* [Task instructions]:
Go through the entries and tally the lines containing the word "Annakapel". Only the total is wanted.

* [Supplied data]:
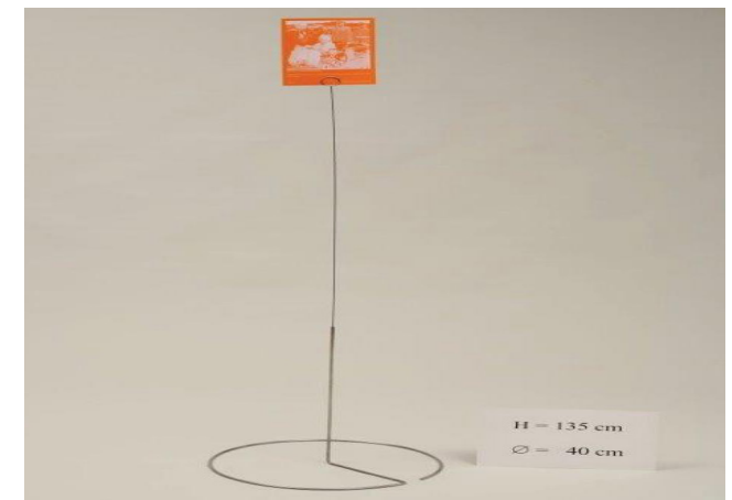
Ausstellung „1000 Gesichter des Friedens“
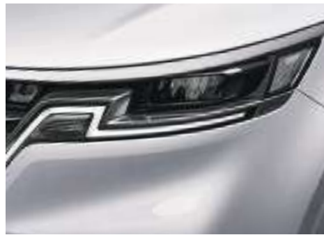
Faros Full LED
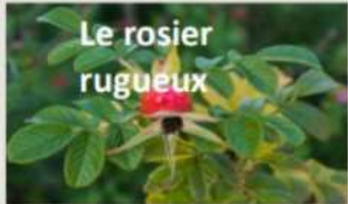
Le rosier rugueux

Les arbustes sont presque dépouillés de leurs feuilles, mais de petits nez rouges peuvent encore attirer le regard. Les baies rouges parfois utilisées pour décorer la bûche de Noël sont nombreuses dans les jardins et les bois. Mais cette utilisation doit rester prudente !
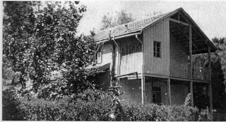
The old Wennagel house, first house in Sarona, built by Johann Martin Wennagel 1871/72. Photo taken circa 1938

נבנה בשנת 1872 במושבה הטמפלרית שרונה רח' מנדלר 9 הקריה תל-אביב
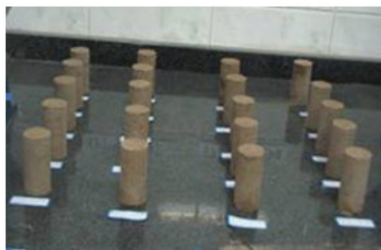
ج) نمونه های آزمایشی جهت انجام مقاومت فشاری
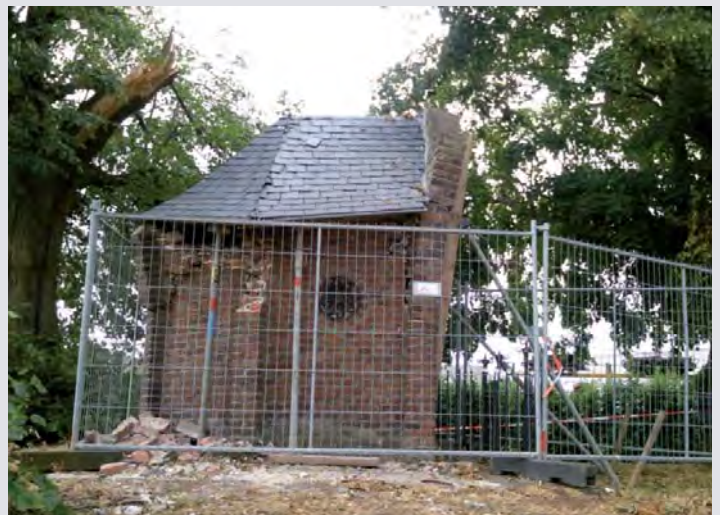
De vernielde Annakapel in Horst

In Horst in het helaas anders gelopen. De storm heeft er voor een groot probleem gezorgd. Op een (graf?)heuvel staat – nu helaas wat verloren op de overgang van het industriegebied naar de velden en weiden – de Annakapel. De eeuwenoude kapel aan de Sint Annaweg is omgeven door een aantal forse lindebomen. Een zware tak werd afgerukt en heeft het dak en de muren flink beschadigd.
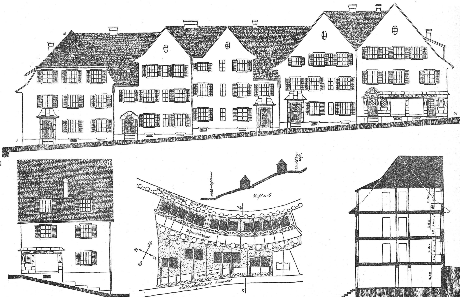
Zur Ueberbauung des Brühlbergareals in Winterthur — Architekten B. S. A. Fritschi & Jangerl in Winterthur Geometrische Ansicht — Ansichten und Querschnitt der Fünfhäusergruppe 1:200 — Lageplan und Querprofil 1:2000

* [Result for this task]:
2